Ketiga, membangkitkan semangat kerja keras bagi generasi muda dan anak-anak. Kehidupan adalah milik masa depan. Masa depan tersebut sangat bergantung dari keadaan generasi mudanya. Generasi muda dibentuk oleh masa anak-anak. Apabila anak-anak sudah kuat karakter hidupnya untuk bersemangat dan kerja keras, tentu mereka akan gigih melawan kemiskinan. Sebaliknya, meninggalkan generasi dan anak-anak yang lemah, bencana bagi bangsa ini dimasa mendatang. Semenjak kecil, anak-anak dilatih untuk menghadapi kesulitan demi kesulitan agar tangguh. Mengapa sejak kecil harus dilatih? karena kecakapan seseorang yang paling berpengaruh didasarkan pada penguasaan pengalaman mereka. Jika semenjak kecil, anak-anak dibiasakan untuk berlatih kerja keras dan mandiri serta bertanggung jawab, maka akan menjadi orang yang kuat menghadapi permasalahan hidupnya. Apabila anak dibiasakan menadahkan tangan dan meminta-meminta, maka akan tertanam di benaknya untuk hidup dari pemberian dan belas kasihan orang lain. Pengalaman mereka itulah yang akan banyak menuntun mereka membaca kehidupannya kelak dimasa mendatang.
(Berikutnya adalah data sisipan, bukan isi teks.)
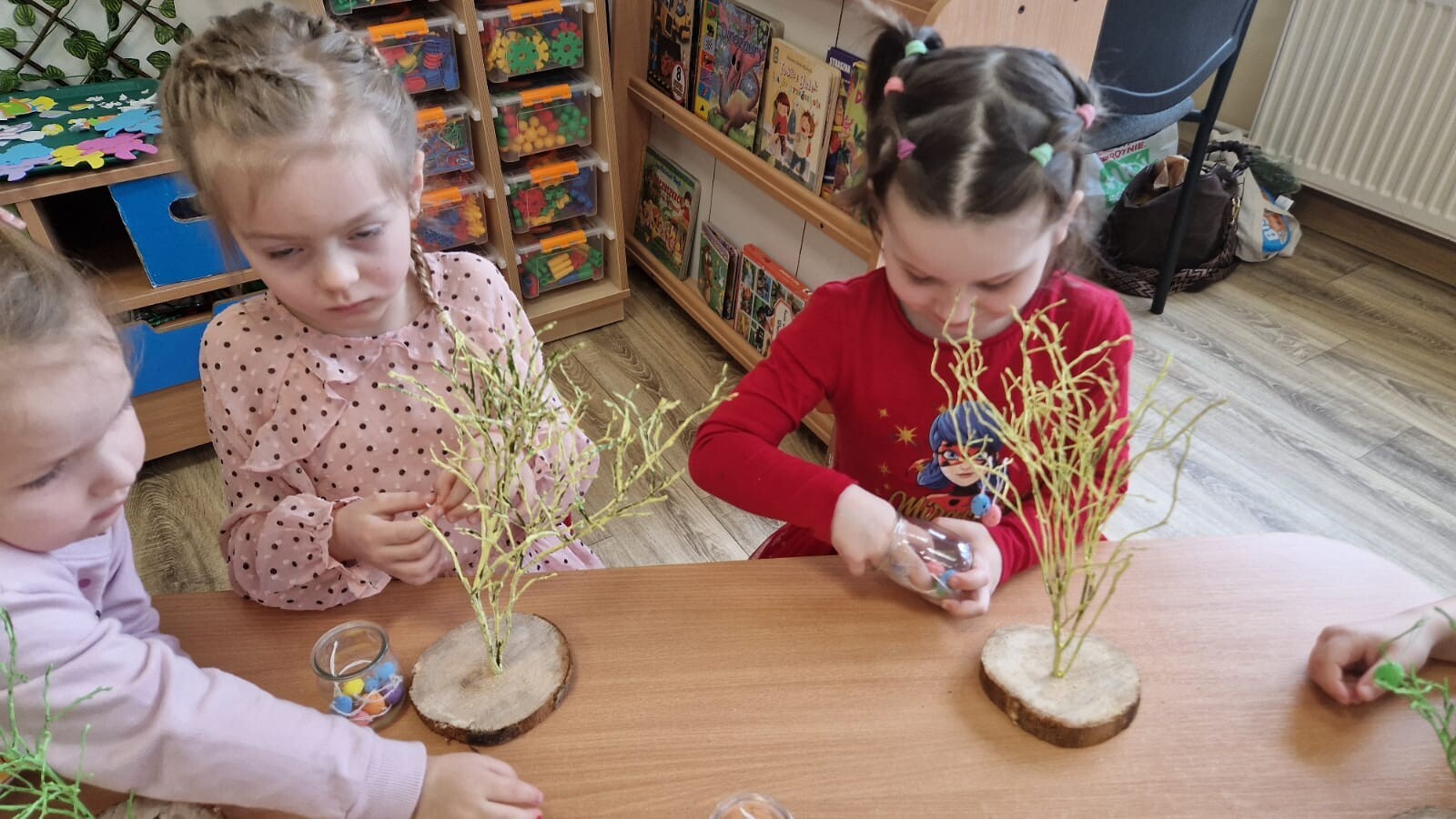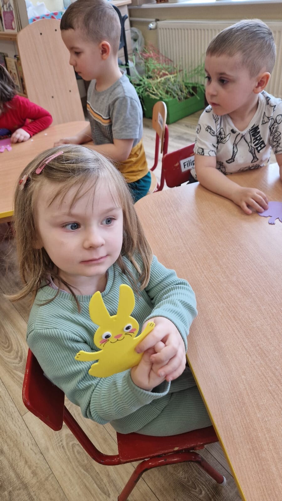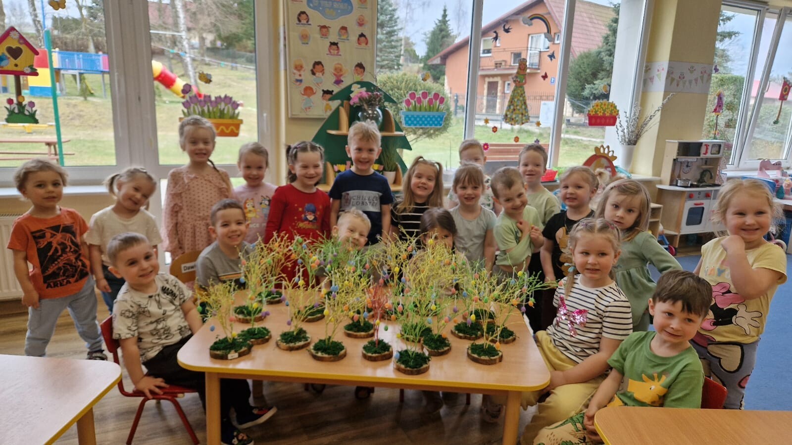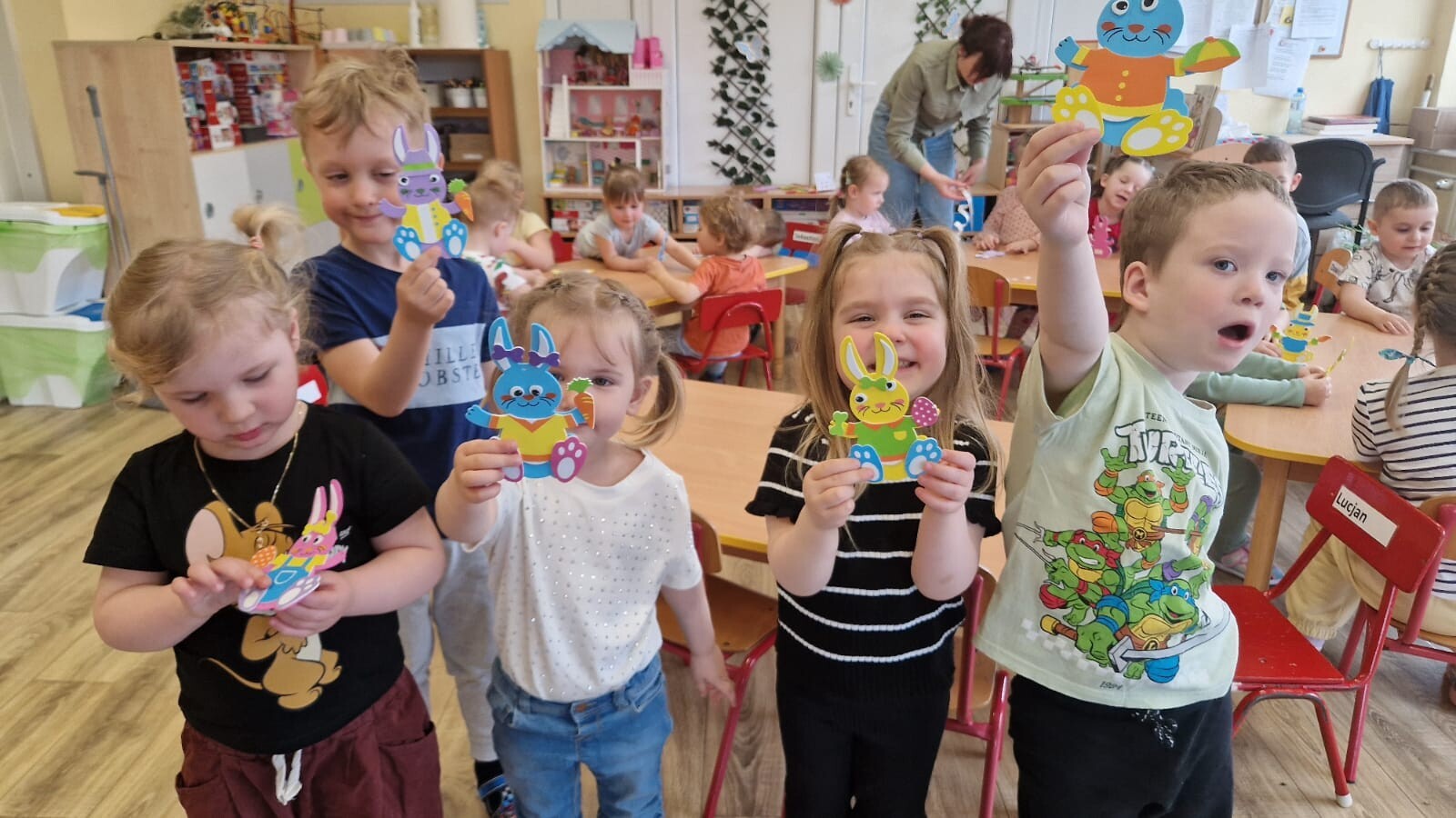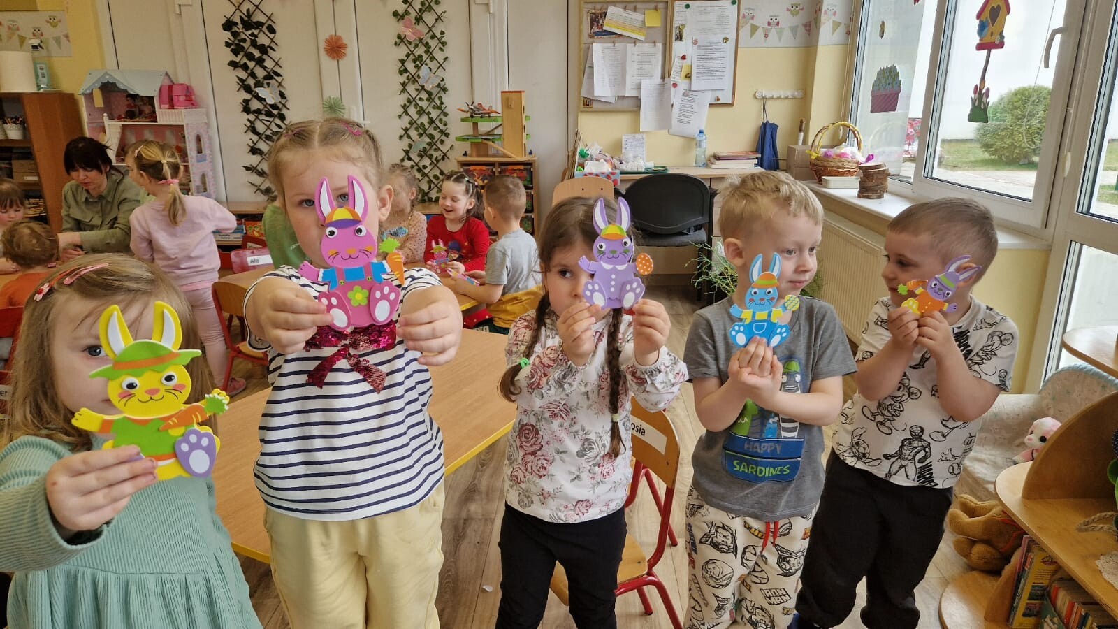 Podczas warsztatów dzieci rozwijały zdolności manualne, uczestnicząc w zajęciach związanych z tradycjami wielkanocnymi. Maluszki ozdabiały drzewko kolorowymi jajeczkami, wybierając ulubione kolory i wzory. Nasze drzewko stało się dziełem sztuki, pełnym wiosennej energii. Tworzyły zajączki z papieru ozdabiając je według własnych pomysłów. Siały również rzeżuszkę do słoiczków, ucząc się pielęgnacji roślinek.

Ironinya, banyak kalangan dhuafa’ yang menjadikan anak-anak mereka sebagai pengais rezeki, seperti penjualan anak-anak dan kerja-kerja jalanan saat masih dibawah umur.
Menerjunkan anak pada kerja-kerja eksploitatif, menyebabkan kemiskinan sistemis menghegemonik mereka. Untuk itulah, kesadaran mendidikan anak menjadi rajin belajar, kerja keras merupakan bentuk keluar dari mata rantai kemiskinan.



3. Kemiskinan Mendekatkan kepada Kekufuran

Kaadal Fakru ayyakuuna Kufran

Hampir saja kemiskinan mendekatkan kedpada kekufuran.
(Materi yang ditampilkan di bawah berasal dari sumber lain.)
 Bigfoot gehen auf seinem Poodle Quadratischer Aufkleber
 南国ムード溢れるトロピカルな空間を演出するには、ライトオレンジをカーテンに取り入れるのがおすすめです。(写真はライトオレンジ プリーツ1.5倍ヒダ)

Bila keadaan sudah susah dan segala kebutuhan hiduop tidak teropnuhi, sementara semakin kehidupan membutuhkan biaya hidup untuk keluarga anak dan isteri, apalagi dalam hidup hari yang serba susah dan serba mahal, dan bila kita tidak membantu mereka yang dhua’fa bisa saj mereka putus asa, bunuh diri atau menggadikan diri dan emnggadaikan akidahnya attau bertukar agama, karena tak tahan menderita dengan kemiskinan

4. Akibat Men yia-nyiakan Kaum dhua’fa

"Sebaik-baik kamu ialah orang yang banyak manfaatnya (kebaikannya) kepada orang lain."

Oleh karena itu, ciri manusia sosial menurut Islam ialah kepentingan pribadinya diletakkan dalam kerangka kesadaran akan kewajibannya sebagai makhluk sosial.
Kesetiakawanan dan cinta kasih inilah yang pernah dicontohkan Nabi Muhammad SAW dan sahabat-sahabatnya. Inilah ajaran iman dan amal shalih yang diajarkan oleh Rasulullah SAW berupa akhlak rabbani dan akhlak insani.